◆ **To do**: Beginning with the line that contains "在慰问的过程中,学院领导为学", write out each remaining line of the records below exactly. Do not copy any picture.
*** Opening Provided records ***
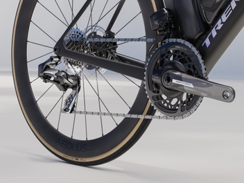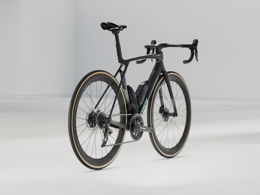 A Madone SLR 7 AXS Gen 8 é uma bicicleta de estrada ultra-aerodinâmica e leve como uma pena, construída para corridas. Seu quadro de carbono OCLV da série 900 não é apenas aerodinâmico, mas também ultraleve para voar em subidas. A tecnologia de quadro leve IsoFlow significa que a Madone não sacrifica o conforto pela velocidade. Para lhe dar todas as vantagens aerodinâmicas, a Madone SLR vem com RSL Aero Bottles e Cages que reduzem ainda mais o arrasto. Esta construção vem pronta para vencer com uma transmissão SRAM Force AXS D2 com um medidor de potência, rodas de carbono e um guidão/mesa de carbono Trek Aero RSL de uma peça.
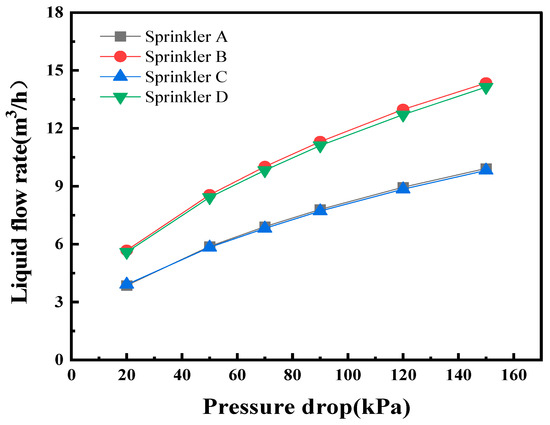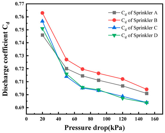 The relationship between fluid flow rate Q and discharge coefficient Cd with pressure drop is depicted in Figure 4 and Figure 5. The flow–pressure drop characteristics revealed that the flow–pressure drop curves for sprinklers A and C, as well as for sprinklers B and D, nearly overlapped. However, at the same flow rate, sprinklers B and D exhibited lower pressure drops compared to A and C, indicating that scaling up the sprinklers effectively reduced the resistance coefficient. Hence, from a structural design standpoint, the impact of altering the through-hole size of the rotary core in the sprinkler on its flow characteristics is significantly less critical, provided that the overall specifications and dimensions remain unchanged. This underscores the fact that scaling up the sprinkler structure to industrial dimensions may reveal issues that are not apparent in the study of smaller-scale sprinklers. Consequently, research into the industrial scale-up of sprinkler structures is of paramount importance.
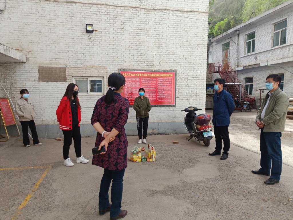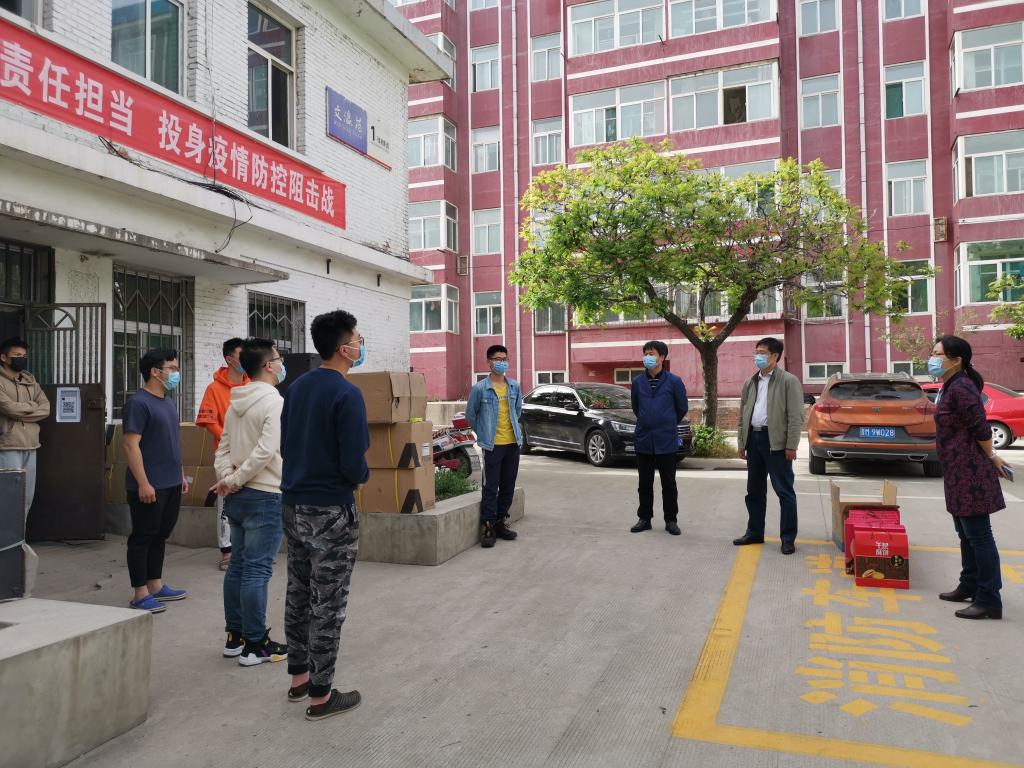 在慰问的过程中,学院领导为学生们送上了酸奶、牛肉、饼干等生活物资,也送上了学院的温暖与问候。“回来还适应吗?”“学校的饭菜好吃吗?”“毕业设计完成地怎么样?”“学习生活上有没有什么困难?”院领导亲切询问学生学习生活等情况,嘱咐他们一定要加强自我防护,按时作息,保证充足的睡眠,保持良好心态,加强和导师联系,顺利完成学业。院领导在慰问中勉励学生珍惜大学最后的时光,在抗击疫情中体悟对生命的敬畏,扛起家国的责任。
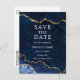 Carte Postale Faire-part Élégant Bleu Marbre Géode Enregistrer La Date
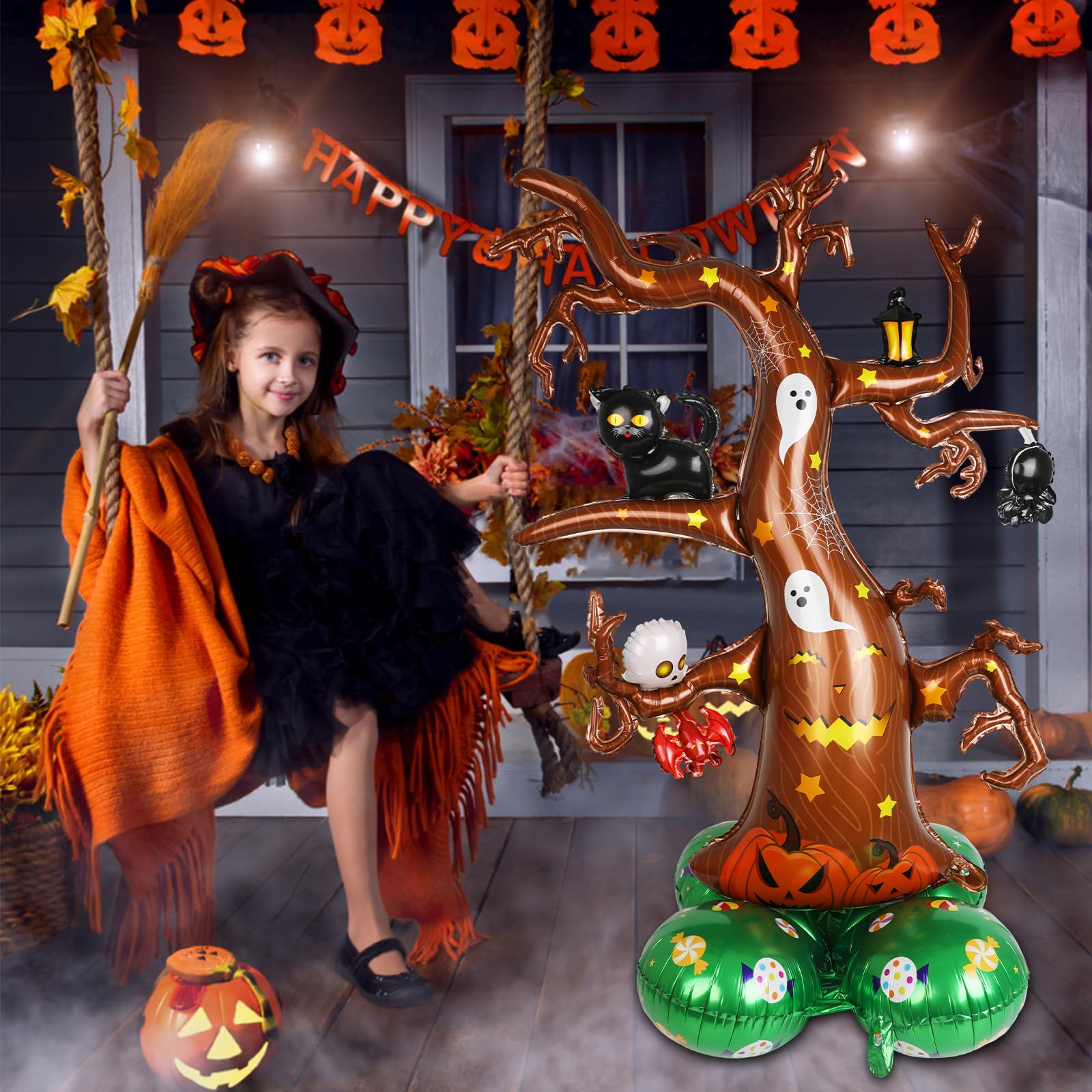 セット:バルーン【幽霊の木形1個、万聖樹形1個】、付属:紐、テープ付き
*** Closing Provided records ***
◆ **Written answer**:
 在慰问的过程中,学院领导为学生们送上了酸奶、牛肉、饼干等生活物资,也送上了学院的温暖与问候。“回来还适应吗?”“学校的饭菜好吃吗?”“毕业设计完成地怎么样?”“学习生活上有没有什么困难?”院领导亲切询问学生学习生活等情况,嘱咐他们一定要加强自我防护,按时作息,保证充足的睡眠,保持良好心态,加强和导师联系,顺利完成学业。院领导在慰问中勉励学生珍惜大学最后的时光,在抗击疫情中体悟对生命的敬畏,扛起家国的责任。
 Carte Postale Faire-part Élégant Bleu Marbre Géode Enregistrer La Date
 セット:バルーン【幽霊の木形1個、万聖樹形1個】、付属:紐、テープ付き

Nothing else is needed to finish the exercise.